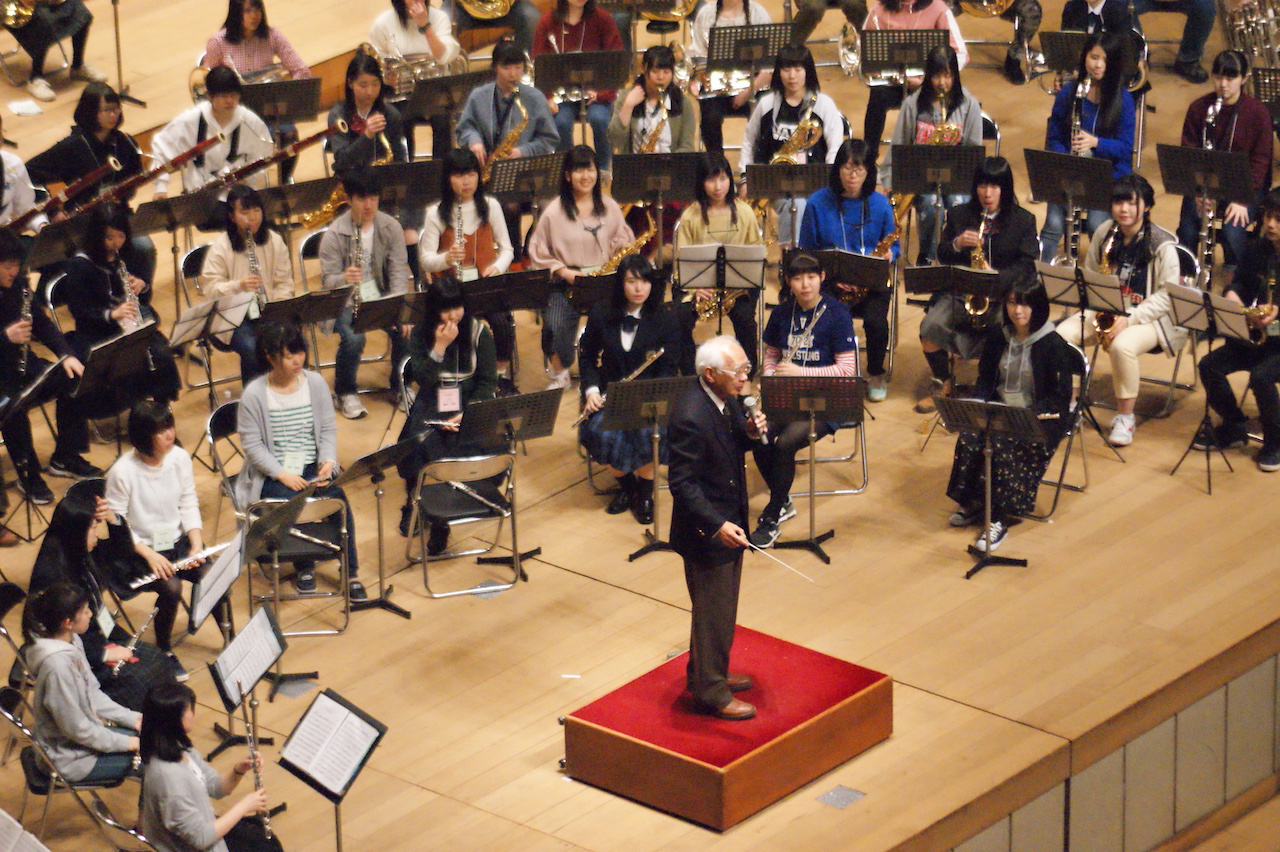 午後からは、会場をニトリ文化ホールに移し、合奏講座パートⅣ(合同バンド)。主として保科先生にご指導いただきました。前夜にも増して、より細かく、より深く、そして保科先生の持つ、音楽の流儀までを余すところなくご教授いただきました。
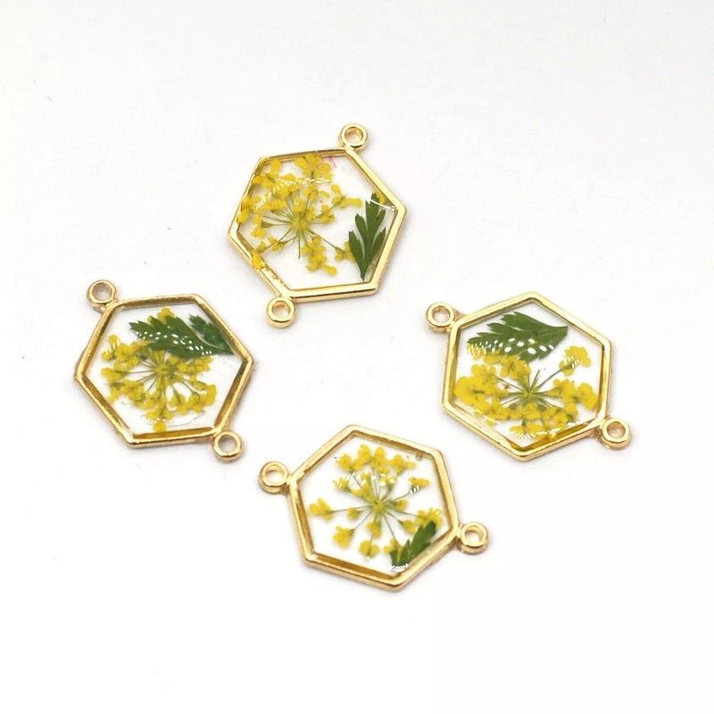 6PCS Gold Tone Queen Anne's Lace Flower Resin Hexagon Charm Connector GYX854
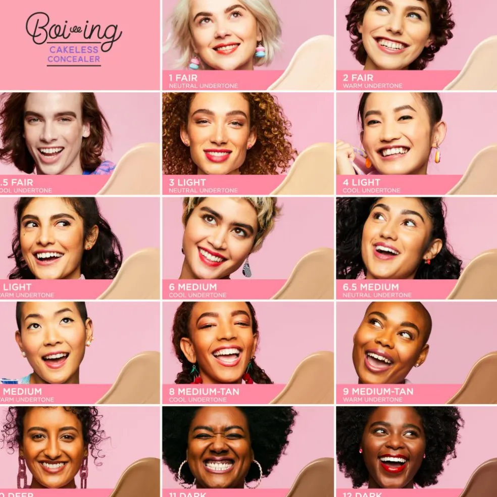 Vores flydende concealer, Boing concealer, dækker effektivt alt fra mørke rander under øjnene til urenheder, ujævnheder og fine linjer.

Work instruction
The line containing "6PCS Gold Tone" and every line after it, through the end of the data, are to be output exactly. Omit the pictures.

Answer space
 6PCS Gold Tone Queen Anne's Lace Flower Resin Hexagon Charm Connector GYX854
 Vores flydende concealer, Boing concealer, dækker effektivt alt fra mørke rander under øjnene til urenheder, ujævnheder og fine linjer.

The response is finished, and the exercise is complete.